Charcot Marie Tooth disease (CMT) is a group of inherited disorders characterized clinically by exclusively or predominantly peripheral nerve dysfunction. CMT1X, the most common form of X-linked CMT is caused by mutations in connexin 32 (Cx32). In this work, we used dual whole cell patch clamp recording to examine the functional effects of mutations at the Arg75 position. This residue is highly conserved among members of the connexin family, and disease-causing mutations have been identified at this (or the corresponding) position in Cx26, Cx43, and Cx46. Thus, a better understanding of the effects of mutations of this position in Cx32 may have relevance to pathogenesis of a number of different human diseases. All three mutants associated with CMT1X (R75P, R75Q, and R75W) showed very low levels of coupling similar to those of the cells transfected with vector alone.

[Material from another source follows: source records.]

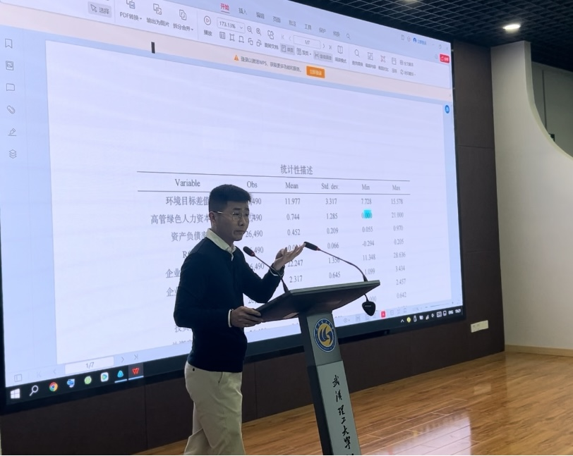 石大千教授首先讲述了他指导本科生进行科研的亲身经历,让同学们明白在研究中如何进行选题以及怎样开展后续调查。随后,石教授从高管绿色人力资本数据搜集与处理,高管绿色人力资本实观坏境目标的实证检验、研究设计,实证过程处理与结果分析等三个方面讲解,强调了研究过程中数据的重要性,并详细指导了同学们如何寻找数据。
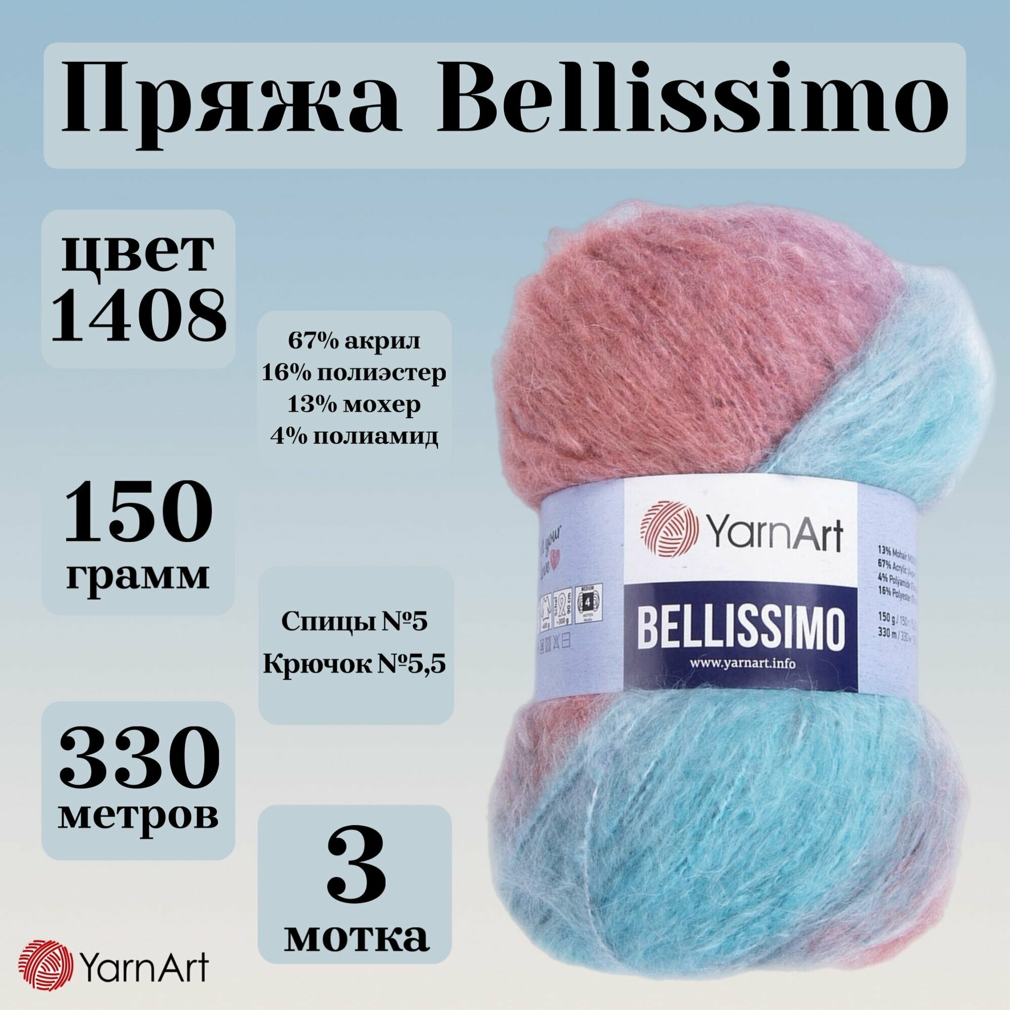 Купить Пряжа для вязания YarnArt Bellissimo, цвет 1408, моток 150г, 330м, 3 мотка с доставкой по всей России.
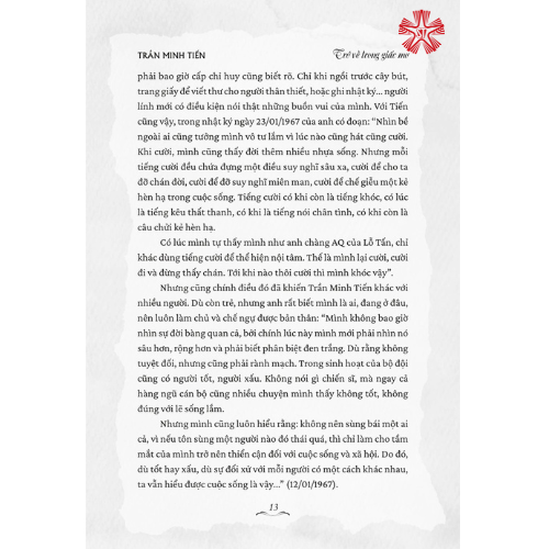 Cuốn sách Trở về trong giấc mơ được nhà văn Đặng Vương Hưng sưu tầm, tuyển chọn, tập hợp từ những trang nhật ký của liệt sĩ Trần Minh Tiến viết trong khoảng thời gian từ tháng 11/1966 đến tháng 3/1968, ghi lại những tháng ngày tập luyện gian nan, vất vả để chuẩn bị cho cuộc hành quân vượt Trường Sơn vào miền Nam chiến đấu.
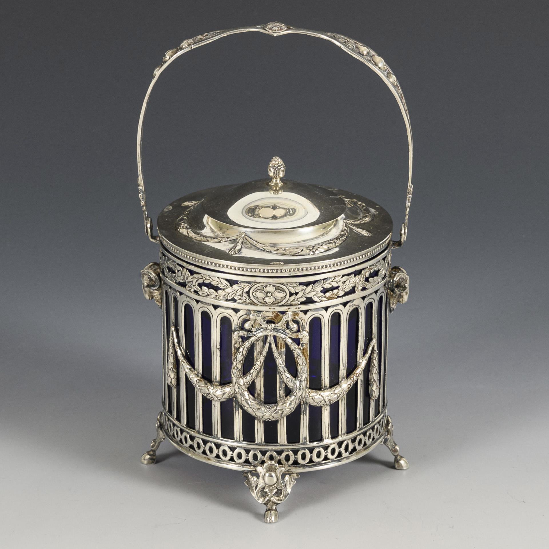 Runde Henkeldose mit Kobaltglaseinsatz. Ferdinand C. Henzler, Hanau.

Heterotypic pairing with Cx32 WT showed that the absence of coupling for these mutants in the homotypic configuration could be explained by shifts in their hemichannel Gj-Vj relations. Examination of the expression levels and gating characteristics of seven additional mutants (R75A, R75D, R75E, R75H, R75K, R75L, and R75V) at this position suggest that the positive charge at position 75 in Cx32 is required for normal channel function but not for gap junction assembly. Our studies also suggest that disease treatment strategies for CMT1X, which correct trafficking abnormalities in Cx32, may be ineffective for the group of mutations also conferring changes in gating properties of Cx32 channels.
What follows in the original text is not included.